UV all the way. Efficiency is the king.

 

[Fouquin]

16.6 Megahertz? No, it's a 166mhz divider.

No that part is correct. Similar to how AMD has 25MHz steps, or 4:1, Intel now has 16.667MHz steps for 6:1.

 

[ShrimpBrime]

No that part is correct. Similar to how AMD has 25MHz steps, or 4:1, Intel now has 16.667MHz steps for 6:1.

View attachment 367151

Oh, I understand better now. I appreciate that. Thank you!

 

[sn2x]

They are expensive.

265K seems very competitively priced.

Have less threads. Lower clocks, and doesn't game as well as previous gen chips.

MT performance seems improved from last gen. Less threads/slightly lower clocks is meaningless if so.

Gaming performance remains to be seen. Intel claimed parity (+/- 3%).

I feel there's nothing to Save Intel at this time. They flushed themselves down a toilet already, and Arrow Lake doesn't make up for it.

Still a chance sweet spot RAM can turn things in Arrow Lake's favor. They claimed the RAM sweet spot is DDR5 8000, we haven't seen the numbers yet though, but I could see this making a difference. Faster RAM could scale better on Arrow Lake than on Raptor Lake and Arrow Lake seems to be capable of higher speeds as well.

Also, noting 250w for a 285K means no thermal headroom for overclocking, just like Raptor. So nobody will really be doing any "overclocking" with these with their current cooling.

It has been stated that the E-cores do have overclocking headroom, Gamer's Nexus mentioned some can hit 5 GHz on the E-cores, which would be >8% improvement on those cores, which would extend the MT lead even further.

Nothing good to note here besides the e-cores are a little faster and you get a few extra. Too bad this doesn't make up the loss of P-core performance. Sad face.

E-coresn't aren't just a little faster. 32% IPC is massive. They are also clocked higher than last gen, making the improvement closer to 40%. 50%+ over last gen if you get a sample that can hit 5GHz on the E-cores.

To me they do seem to make up for the loss of P-core performance. The 285K was beating the 9950X in some MT scenarios, making the 285K the fastest MT CPU in certain workloads. I'm not sure what more you were expecting...

 

[ShrimpBrime]

265K seems very competitively priced.


MT performance seems improved from last gen. Less threads/slightly lower clocks is meaningless if so.

Gaming performance remains to be seen. Intel claimed parity (+/- 3%).

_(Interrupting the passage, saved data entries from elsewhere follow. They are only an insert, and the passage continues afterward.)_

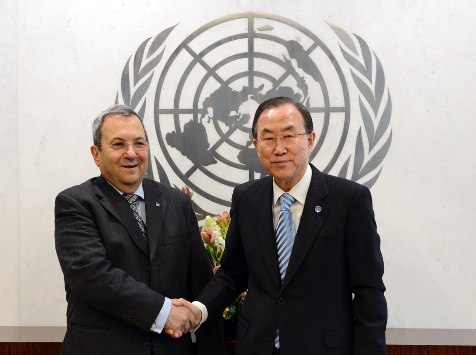 Photo credit: Ehud Barak (L), Defense Minister of Israel shakes hands with United Nations Secretary General Ban Ki-Moon (R) before their meeting March 6, 2013 at UN headquarters in New York. (AFP)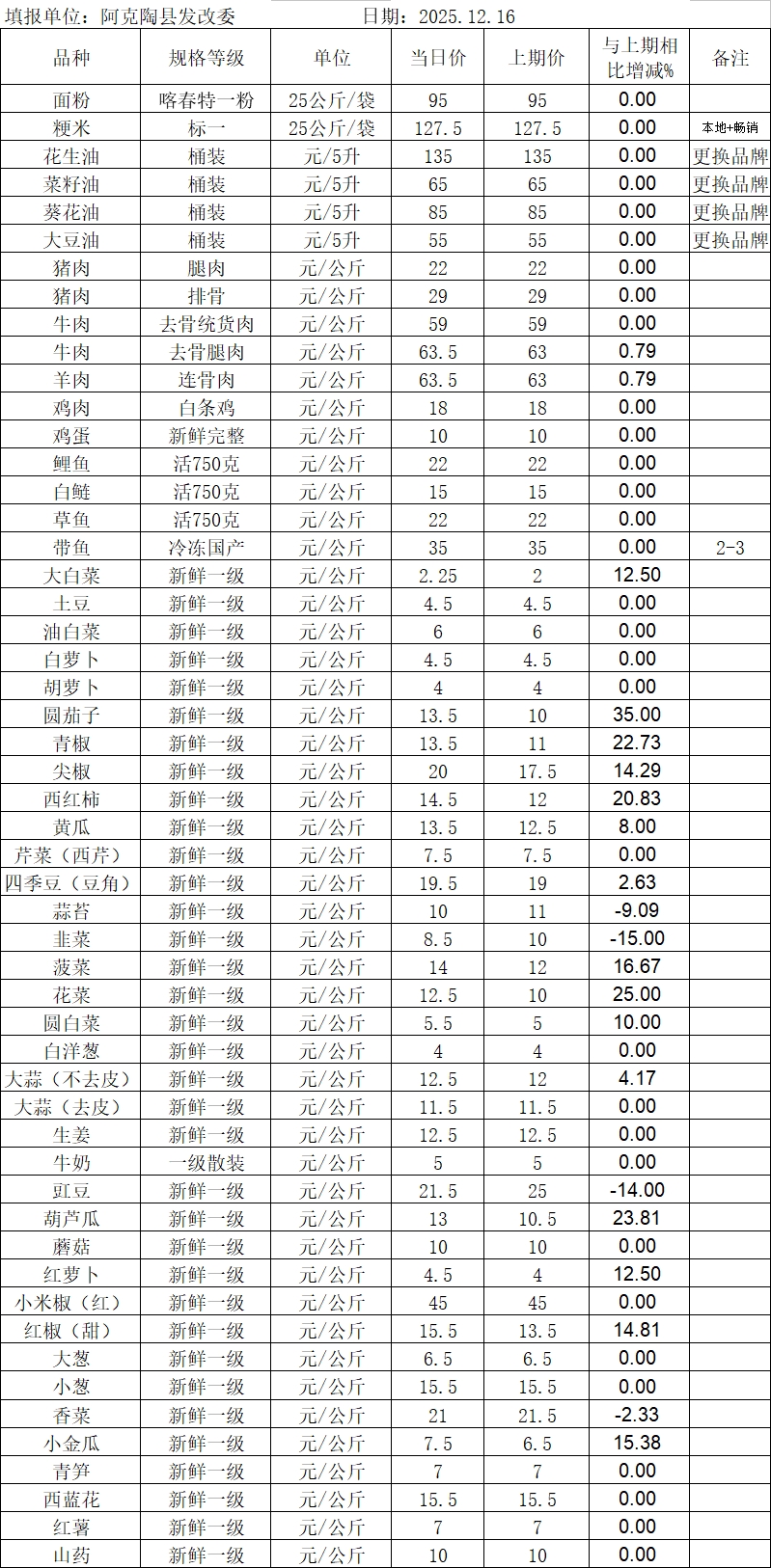 2025年12月16日阿克陶县肉、禽、蛋、菜、水产品价格监测表
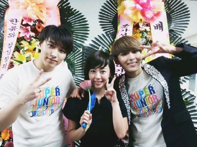 배우 신지수가 그룹 슈퍼주니어 멤버들과 함께 찍은 다정한 사진을 공개했다.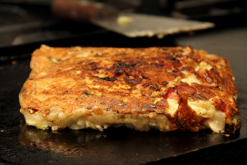 O okonomiyaki é um prato popular no Japão e pode ser encontrado no Brasil com o nome de “pizza” ou “panqueca japonesa”. A palavra em si significa “grelhado ao seu gosto”, por isso, permite inúmeras variações. A base da preparação é o repolho, que ganha liga com uma massa feita com farinha, ovos e água.
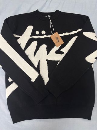 Jersey de punto Stüssy con diseño llamativo. - Diseño de logo Stüssy en blanco sobre fondo negro. - Tejido de punto cómodo. - Corte unisex.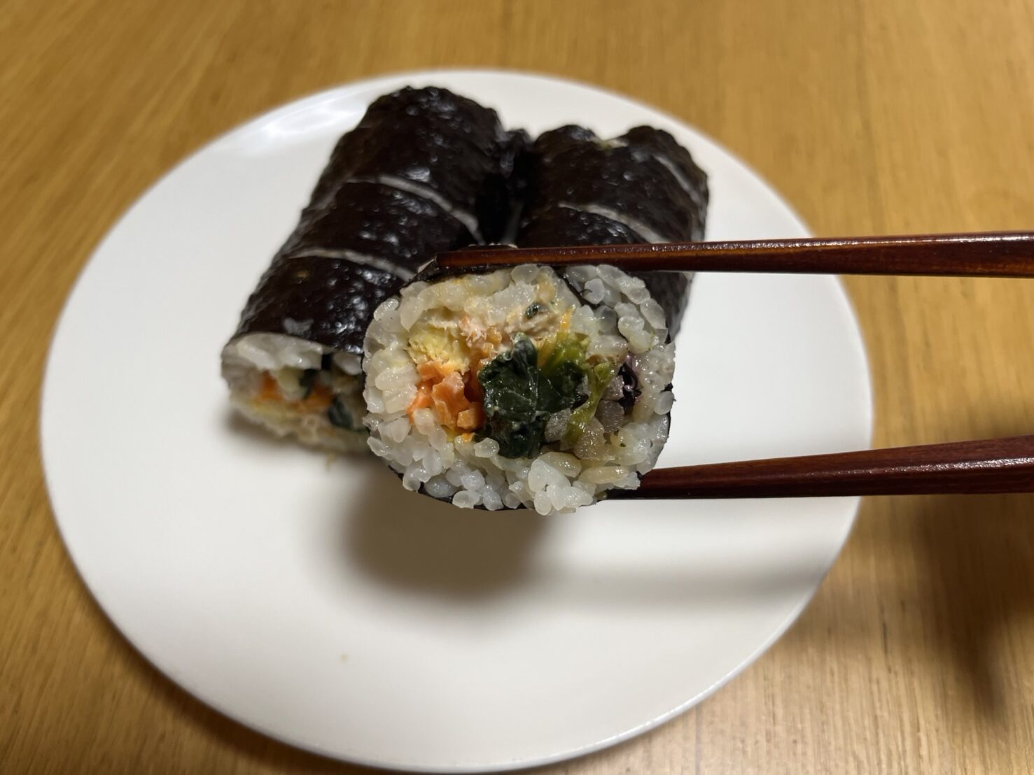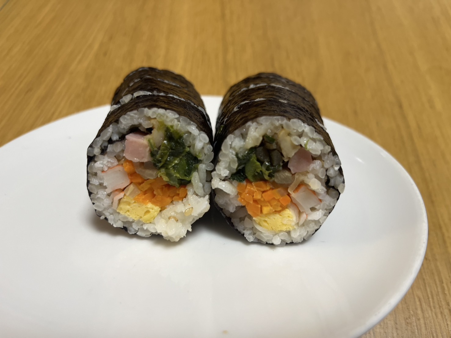 にんじん、ほうれんそう、ごぼうといった野菜に加え、玉子焼、カニカマ、ハムなどの具材がぎっしりと巻かれています。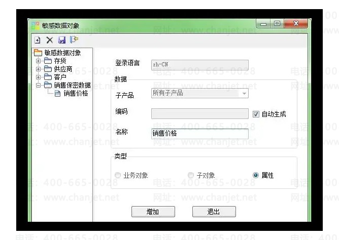 在 “销售保密数据” 这一敏感对象下,点击 “增加”,定义敏感属性名称为 “销售价格”(对应需控制的 “销售单价、金额” 类字段)。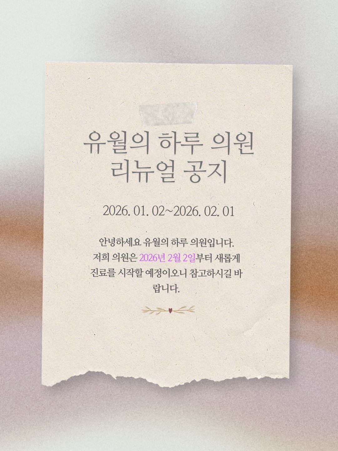 상호명: 유월의하루 의원 사업자등록번호 : 772-41-01543

Still a chance sweet spot RAM can turn things in Arrow Lake's favor. They claimed the RAM sweet spot is DDR5 8000, we haven't seen the numbers yet though, but I could see this making a difference. Faster RAM could scale better on Arrow Lake than on Raptor Lake and Arrow Lake seems to be capable of higher speeds as well.


It has been stated that the E-cores do have overclocking headroom, Gamer's Nexus mentioned some can hit 5 GHz on the E-cores, which would be >8% improvement on those cores, which would extend the MT lead even further.

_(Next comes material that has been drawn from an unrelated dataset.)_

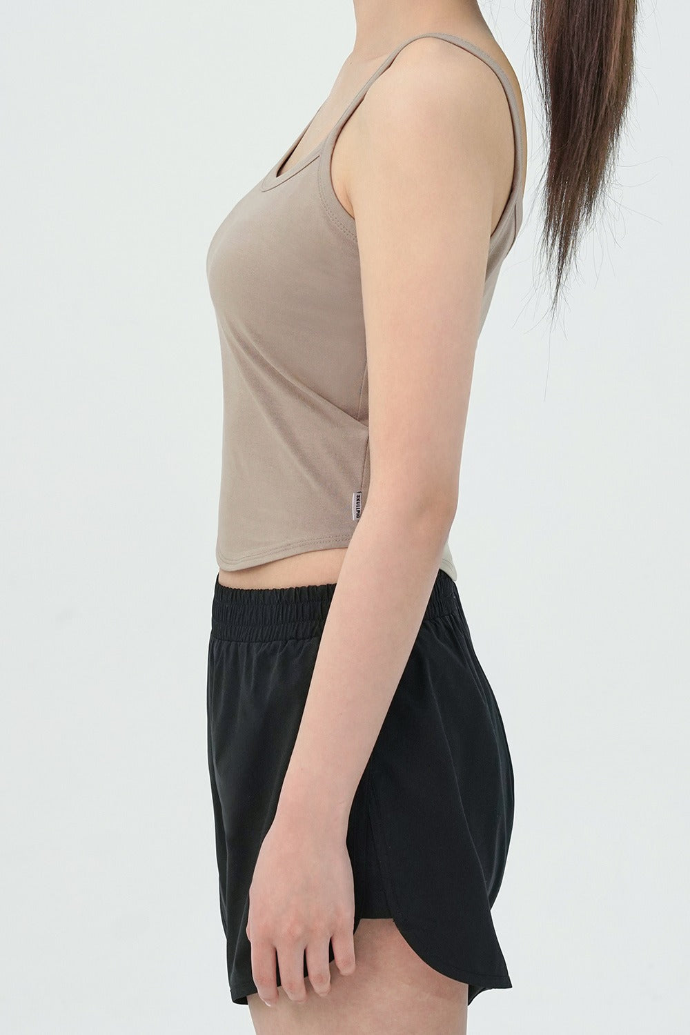 Cottonic Round-Neck Sleeveless Top - Wood Brown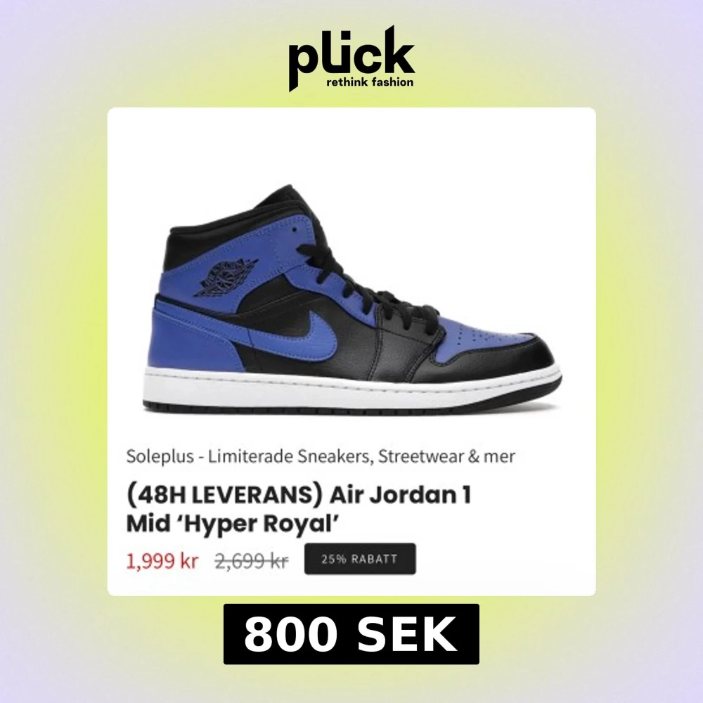Snygga Air Jordan 1 Mid 'Hyper Royal' sneakers i svart och blått. Skorna har en klassisk design med snörning och den ikoniska Air Jordan-loggan på sidan. Perfekta för streetwear-entusiaster. Skriv för bild

E-coresn't aren't just a little faster. 32% IPC is massive. They are also clocked higher than last gen, making the improvement closer to 40%. 50%+ over last gen if you get a sample that can hit 5GHz on the E-cores.

To me they do seem to make up for the loss of P-core performance. The 285K was beating the 9950X in some MT scenarios, making the 285K the fastest MT CPU in certain workloads. I'm not sure what more you were expecting...

I know, I get all that. But then there's -->

Intel's Core Ultra 9 285K Performance Claims Leaked, Doesn't Beat i9-14900K at Gaming

The Chinese tech press is abuzz with slides allegedly from Intel's pre-launch press-deck for the Core Ultra 2-series "Arrow Lake-S." The most sensational of these are Intel's first-party performance claims for the top Core Ultra 9 285K model. There's good news and bad news. Good news first—Intel...

www.techpowerup.com

Cinebench 23 beating competition doesn't make it a good gaming cpu. If it doesn't gain ground for gaming rigs, who's buying this for gaming and why?

5ghz E-cores on current Intel 14th Gen requires chilling in most cases. Only because it requires like 1.5v to run them that fast. The power is there, the thermal head room is not. It's very obvious to myself that HT was slashed to hand the wattage over to the E-core package. Which hurts it in gaming. 6Ghz P-core has quite a bit more muscle than any e-core yet, so why add more E-cores. They should have added more P-cores and left HT enabled instead. Then, we'd have some strong gaming chips. But no. Cinebench is everything!!! lol.

 

[sn2x]

I know, I get all that. But then there's -->

That's Intel's presentation where they claimed parity in gaming.
And we still haven't seen benchmarks with DDR5 8000, what Intel calls sweetspot RAM. It could actually make a difference...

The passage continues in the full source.